### AIM OF THE TASK
Reproduce exactly only the lines from the line that holds "next to the" to the line that holds "王峰代表集團公司向銅井村捐贈", inclusive, in the listing below, and please leave out every picture.

### LISTED RECORDS
....
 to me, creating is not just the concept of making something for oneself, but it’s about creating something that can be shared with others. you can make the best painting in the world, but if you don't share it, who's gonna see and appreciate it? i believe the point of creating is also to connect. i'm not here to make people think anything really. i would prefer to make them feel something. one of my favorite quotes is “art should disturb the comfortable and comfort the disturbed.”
....
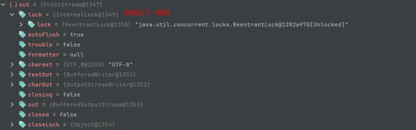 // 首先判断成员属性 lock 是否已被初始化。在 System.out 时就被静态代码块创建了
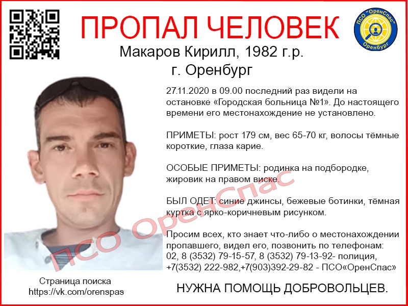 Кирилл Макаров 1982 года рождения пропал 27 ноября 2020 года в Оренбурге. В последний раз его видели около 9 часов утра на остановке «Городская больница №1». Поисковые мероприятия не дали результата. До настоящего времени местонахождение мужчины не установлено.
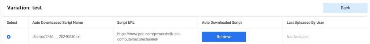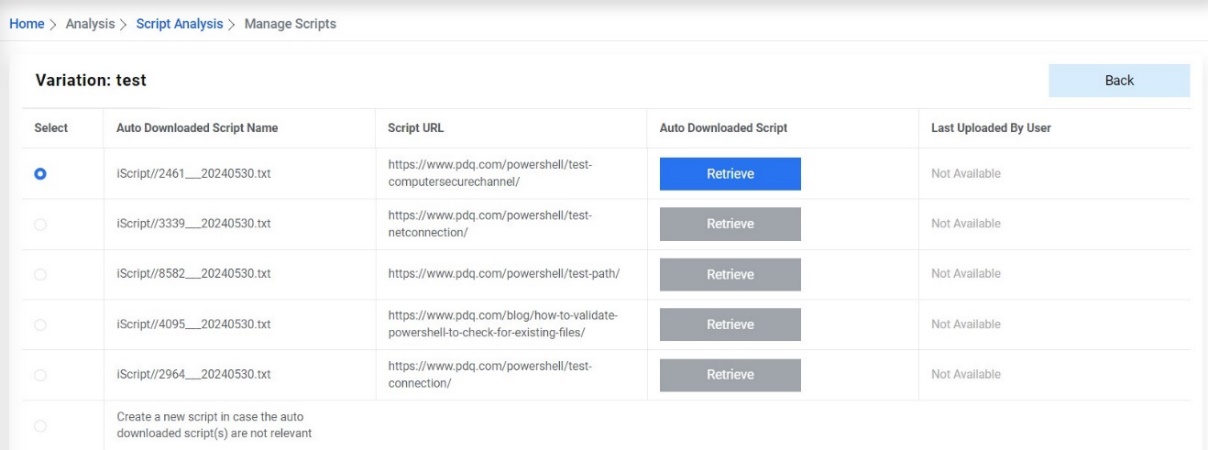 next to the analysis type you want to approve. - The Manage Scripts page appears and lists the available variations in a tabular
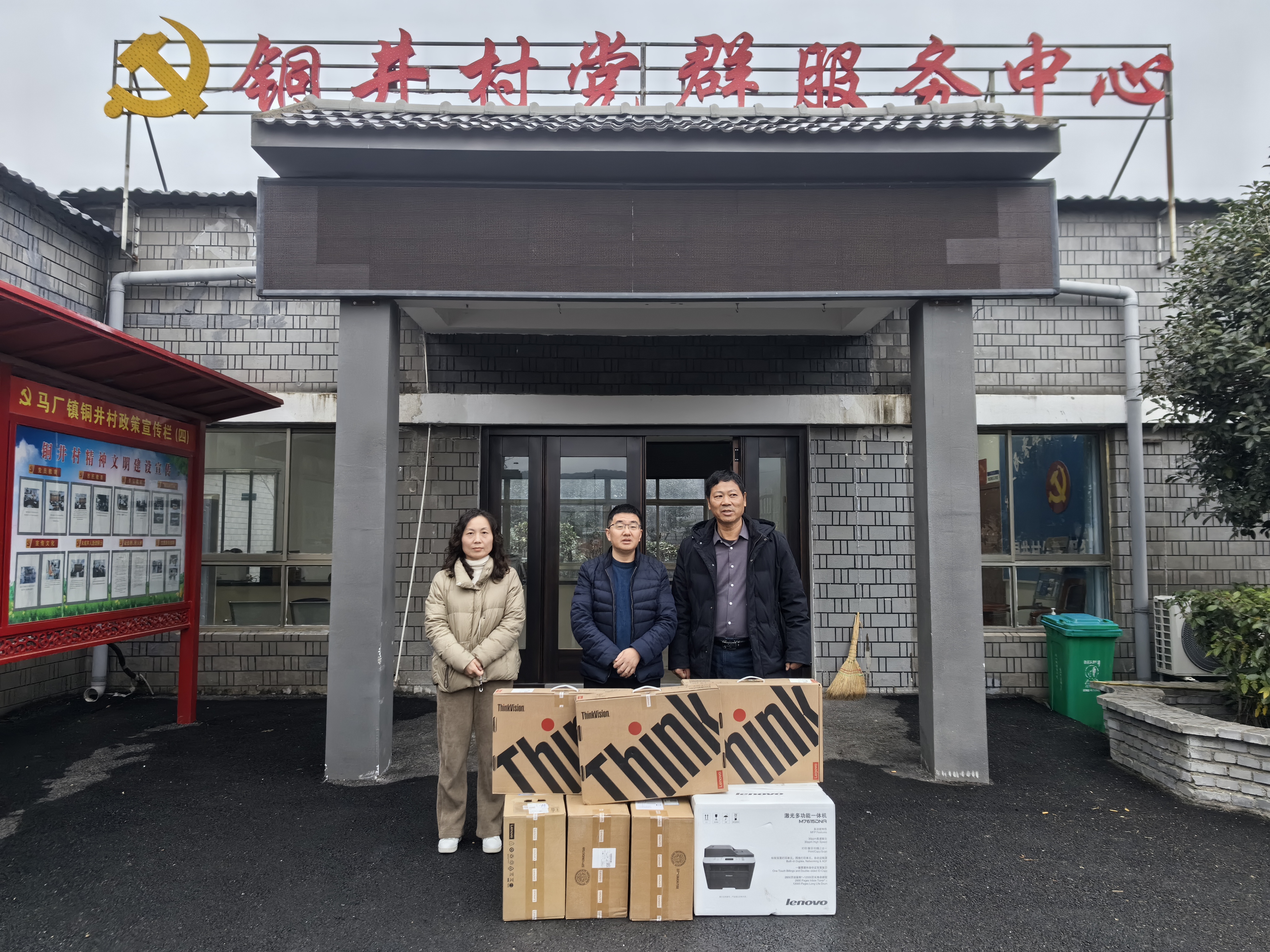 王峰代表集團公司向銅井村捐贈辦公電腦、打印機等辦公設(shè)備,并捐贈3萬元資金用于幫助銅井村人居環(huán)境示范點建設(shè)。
....
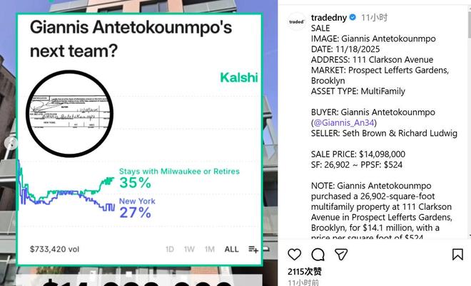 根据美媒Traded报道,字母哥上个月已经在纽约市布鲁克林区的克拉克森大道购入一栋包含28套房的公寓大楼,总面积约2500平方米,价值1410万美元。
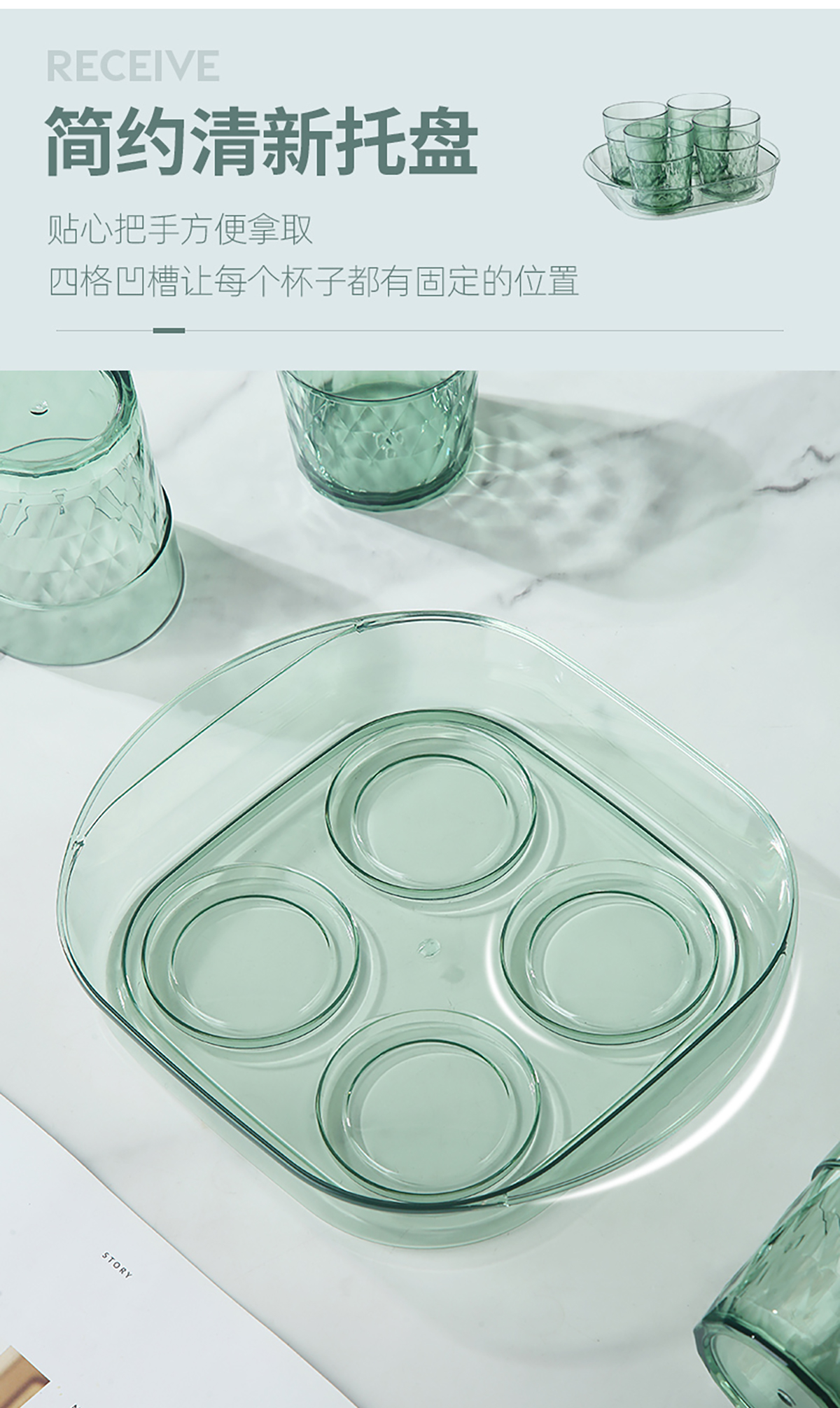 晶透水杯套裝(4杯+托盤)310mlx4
....
### WRITTEN SOLUTION
 next to the analysis type you want to approve. - The Manage Scripts page appears and lists the available variations in a tabular
 王峰代表集團公司向銅井村捐贈辦公電腦、打印機等辦公設(shè)備,并捐贈3萬元資金用于幫助銅井村人居環(huán)境示范點建設(shè)。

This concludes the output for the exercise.